----- SUPPLIED INFORMATION
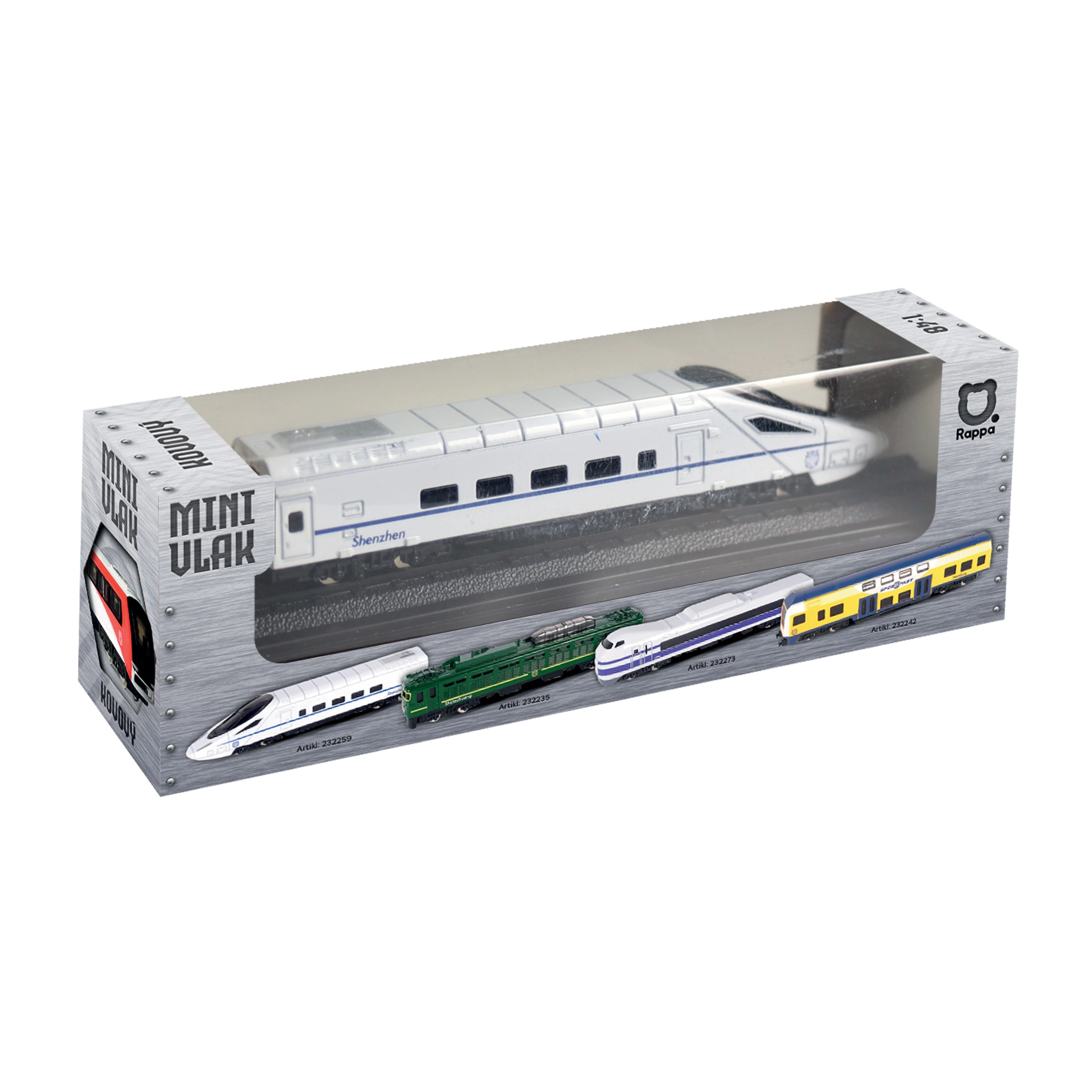 El modelo de 15 cm en escala 1:48 es perfecto tanto para juegos infantiles como como elemento decorativo para amantes de los trenes modernos. El cuerpo metálico garantiza una mayor vida útil, mientras que los detalles de plástico aportan el aspecto realista del tren de alta velocidad.
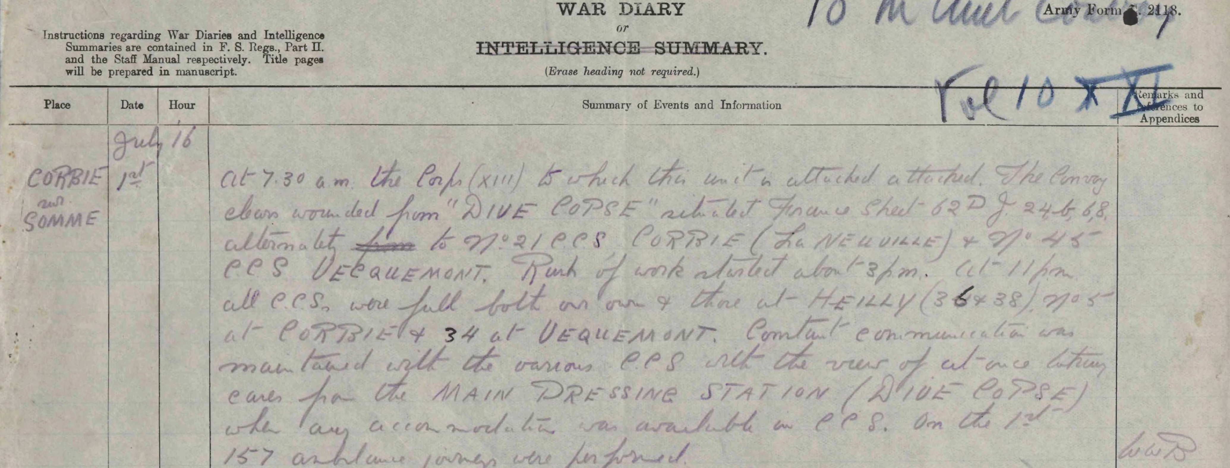 On 1st July 1916 the British attacked at the Somme. The 10th Motorised Ambulance Convoy was in support of the XIII Army extracting dead, sick and wounded from the Main Dressing Stations near the front line.
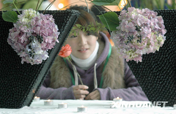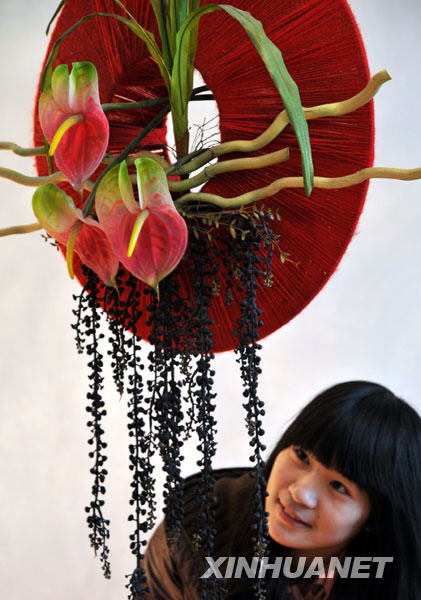 11月29日,一名參觀者在欣賞插花作品。新華社發(陳立希 攝)
----------
> **AIM OF THE EXERCISE**: Repeat the material exactly, without images.

> **REPLY TO THE EXERCISE**:
 El modelo de 15 cm en escala 1:48 es perfecto tanto para juegos infantiles como como elemento decorativo para amantes de los trenes modernos. El cuerpo metálico garantiza una mayor vida útil, mientras que los detalles de plástico aportan el aspecto realista del tren de alta velocidad.
 On 1st July 1916 the British attacked at the Somme. The 10th Motorised Ambulance Convoy was in support of the XIII Army extracting dead, sick and wounded from the Main Dressing Stations near the front line.
 11月29日,一名參觀者在欣賞插花作品。新華社發(陳立希 攝)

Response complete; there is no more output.